Descubre cómo el Samontà de L'Hospitalet pasó de agrícola a hervidero multicultural en solo un siglo

Mi barrio multicolor de toda la vida

viernes 09 de mayo de 2025, 16:00h
El Samontà, un campo de secano orillado hacia la vetusta N-II, pasó de contar con 300 habitantes en 1900 a 162.000 en 1970. Desde los años 80 del siglo pasado el norte de L’Hospitalet fue perdiendo población hasta el ‘boom’ de la emigración del 2000.

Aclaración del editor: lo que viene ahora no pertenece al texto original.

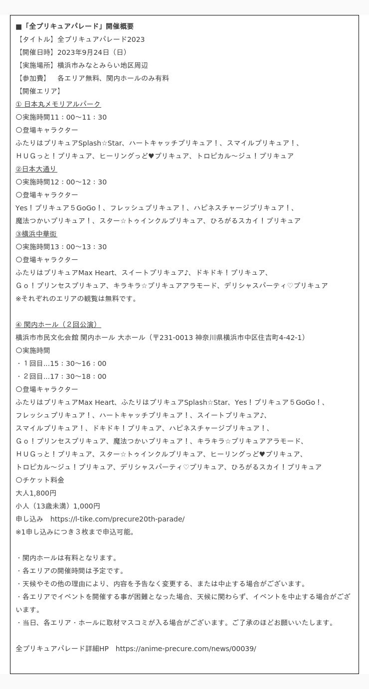 2004年からスタートしたTVアニメ「プリキュア」シリーズ。放送20作品目を迎えた2023年2月から記念すべき年・プリキュア20周年として、様々な展開を見せていますが、9月24日(日)に横浜エリアで開催をする「全プリキュアパレード2023」の詳細が発表となりました。

Serrat canta que nació en el Mediterráneo. Yo también. Concretamente en L’Hospitalet, en el desaparecido hospital de la Creu Roja de Collblanc y, sin saberlo entonces, en el corazón del Samontà. Viví, me crié y crecí en La Torrassa pero he vuelto a mi barrio natal. Mis abuelos y mis padres llegaron a La Torrassa a principios de los 50, en el inicio del boom demográfico. Cuando mi abuelo Joaquín empezó a construir la infravivienda de alquiler en la que moró toda su vida –junto a mi abuela Simona, Juanito (mi padre), mi tío Paco y un buen número de conocidos y familiares acoplados desde Cuenca de forma temporal– y cuando mi familia materna (el clan Mezquita) hacía lo propio levantando casi media manzana justo al lado, en el Samontà había 44.000 vecinos.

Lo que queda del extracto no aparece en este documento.